Dans ce magnifique livre que j’ai reçu par l’intermédiaire du Club Transfuge dont je fais partie, Oriane Jeancourt Galignani, Rédactrice en chef du magazine Transfuge, évoque le suicide de la poétesse Sylvia Plath, elle ne raconte pas comment elle s’est suicidée mais elle reconstitue, en s’appuyant sur ses écrits, la vie de souffrance et d’humiliation qui a amené cette femme à la dernière extrémité. Un très beau livre.
Mourir est un art comme tout le reste
Oriane Jeancourt Galignani
En Angleterre, par une nuit glacée de février 1963, Sylvia Plath organise méticuleusement son suicide tout en prenant soin que ses enfants puissent trouver quelque chose à manger quand ils se réveilleront orphelins. Oriane Jeancourt Galignani prend cette histoire à bras le corps pour reconstituer à sa façon la mort de cette poétesse adulée des féministes, délaissée par son mari, humiliée plus souvent qu’à son tour, mais aussi pour expliquer comment une femme jeune, belle et talentueuse peut arriver à cette ultime extrémité. « Ce roman s’est accordé toute liberté…. S’appropriant l’existence de personnalités réelles ».
En préparant son suicide Sylvia explore toutes les failles qui ont fissuré sa vie et qui se creusent de plus en plus la détruisant complètement : son avortement, l’accouchement de son fils, ses amours, son amour, son grand amour avec Ted Hughes, le poète chéri des médias, « imposteur en goguette », qui s’en va à vau l’eau. Ted conduit sa carrière au détriment de celle de sa femme qui accepte de vivre en retrait pour l’amour de son mari et de ses enfants. « Parce que ta vie restera l’officielle et la mienne l’officieuse ». Elle revoit aussi Bergman et son film, « Au seuil de la vie », sur l’accouchement, la maternité, l’avortement, la stérilité ; elle ressent encore l’humiliation qu’elle a éprouvé quand on lui a refusé ironiquement de publier « La cloche de détresse » ; elle ne peut oublier son père nazi à jamais, profondément antisémite, sa mère qui ne sait pas l’aimer, sa première tentative pour fuir vers un autres monde ; elle revit sa rupture avec la religion le jour des obsèques de son père, le jour du baptême des ses enfants ; elle n’arrive toujours pas à assumer ses origines allemandes, sa parentalité avec les auteurs de l’Holocauste. Toujours l’échec, l’humiliation, les hallucinations qui la pourchassent, elle ne croit plus en elle, elle se trouve laide, indésirable, incapable de séduire, mauvaise mère.
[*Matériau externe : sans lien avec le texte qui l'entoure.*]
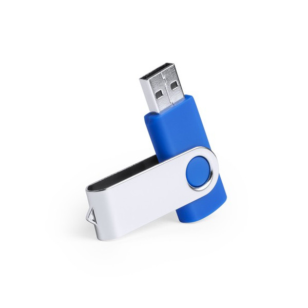 Memoria USB 32GB - 64GB con mecanismo giratorio, cuerpo de suave y clip metálico.
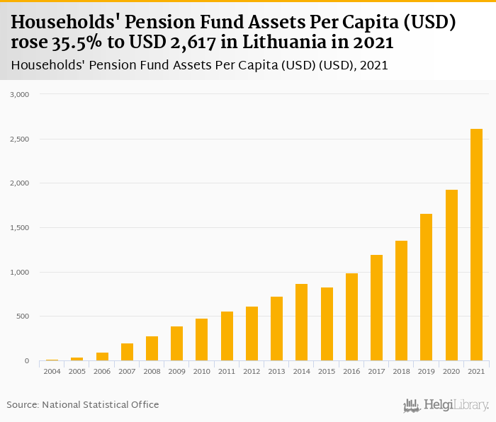 Households' pension fund assets per capita rose 35.5% to USD 2,617 in Lithuania in 2021, according to OECD.
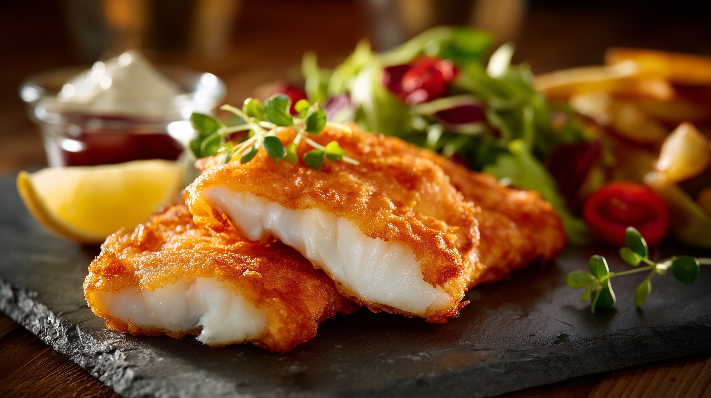 - Die Schieferplatten leicht anwärmen (unter warmem Wasser abspülen und abtrocknen). Je zwei Fischstücke auf einer Schieferplatte anrichten, mit frischer Kresse oder Thymianzweigen garnieren, Zitronenspalten dazulegen und den Blattsalat seitlich anrichten. Remoulade in einem kleinen Schälchen dazu servieren.
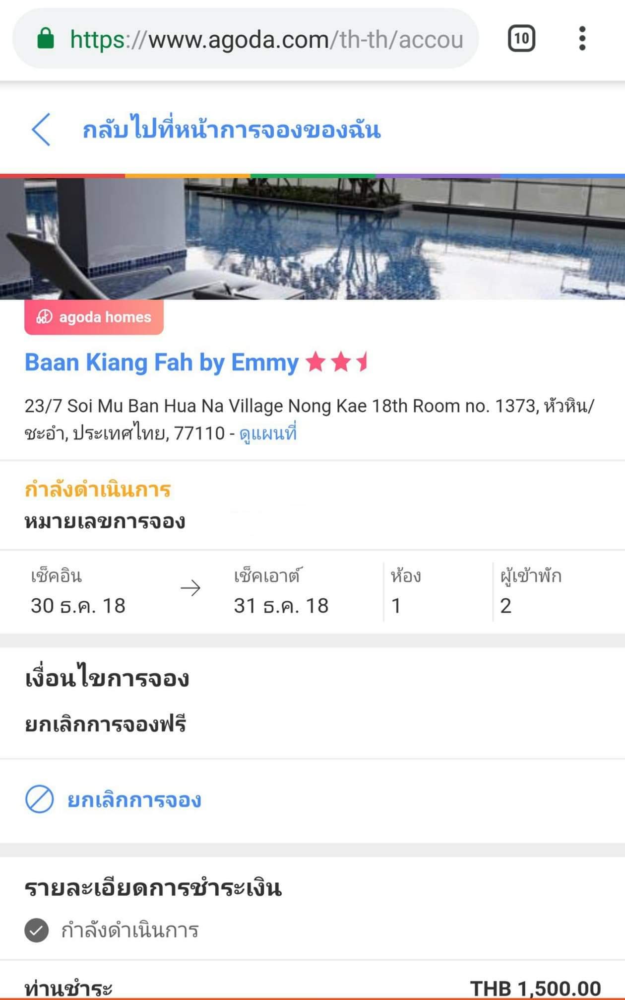 จองที่พักกับagodaประมาณ19.00ของเมื่อวานค่ะ ยังไม่ได้อีเมล์จากagodaเลย แต่ในการจองมันขึ้นว่ากำลังดำเนินการ กับหมายเลขการจองแล้ว ถ้ามันขึ้นแบบนี้แสดงว่า การจองที่พักของเราสำเร็จมั้ยคะ? หรือว่าต้องติดต่อกับagodaเลย เพราะที่พักที่จองไปเป็นการจองแบบจ่าย ณ ที่พัก ค่ะเลยอยากแน่ใจว่าจะได้แน่นอนมั้ย

Femme bafouée, poétesse dévaluée, mère accablée, fille hantée par les fantômes, sa vie ne vaut plus la peine d’être vécue.
Oriane ne raconte pas la vie de Sylvia, elle la réinvente, elle s’infiltre sous la peau de la poétesse pour nous conduire au cœur du drame de cette femme mille fois humiliée car ce n’est pas seulement la folie qui a tué Sylvia, mais surtout la somme des humiliations et des frustrations qu’elle a dû subir. Elle veut, par ce procédé, nous faire ressentir ce que cette femme a subi, ce qu’elle n’a pas pu supporter, ce qu’elle a fui. Sylvia Plath était bipolaire, selon le diagnostique actuel, mais Oriane insiste surtout sur sa vie de fille, sa vie de femme, sa vie d’épouse avec tous les échecs qu’elle a rencontrés dans toutes ces vies. Mais ce livre est avant tout, à mon sens, un grand texte qui se suffirait certainement à lui-même s’il ne fallait pas un prétexte pour assembler les mots, les accorder en musique funèbre, un requiem pour toutes les femmes poussées vers l’extrême.
Une écriture riche, travaillée, léchée, un récit très maitrisé, vivant, sensuel, agréable à lire, un beau texte, étayé de multiples citations de l’œuvre de la poétesse, qui réinvente une Sylvia acculée à la dernière extrémité, dans un récit cheminant au gré des pensées que la victime a pu avoir tout en ourdissant son ultime plan. Un texte dans lequel Oriane pourrait conjuguer son talent avec celui de Sylvia, mais pour l’affirmer, il faut que désormais je lise « La cloche de détresse ».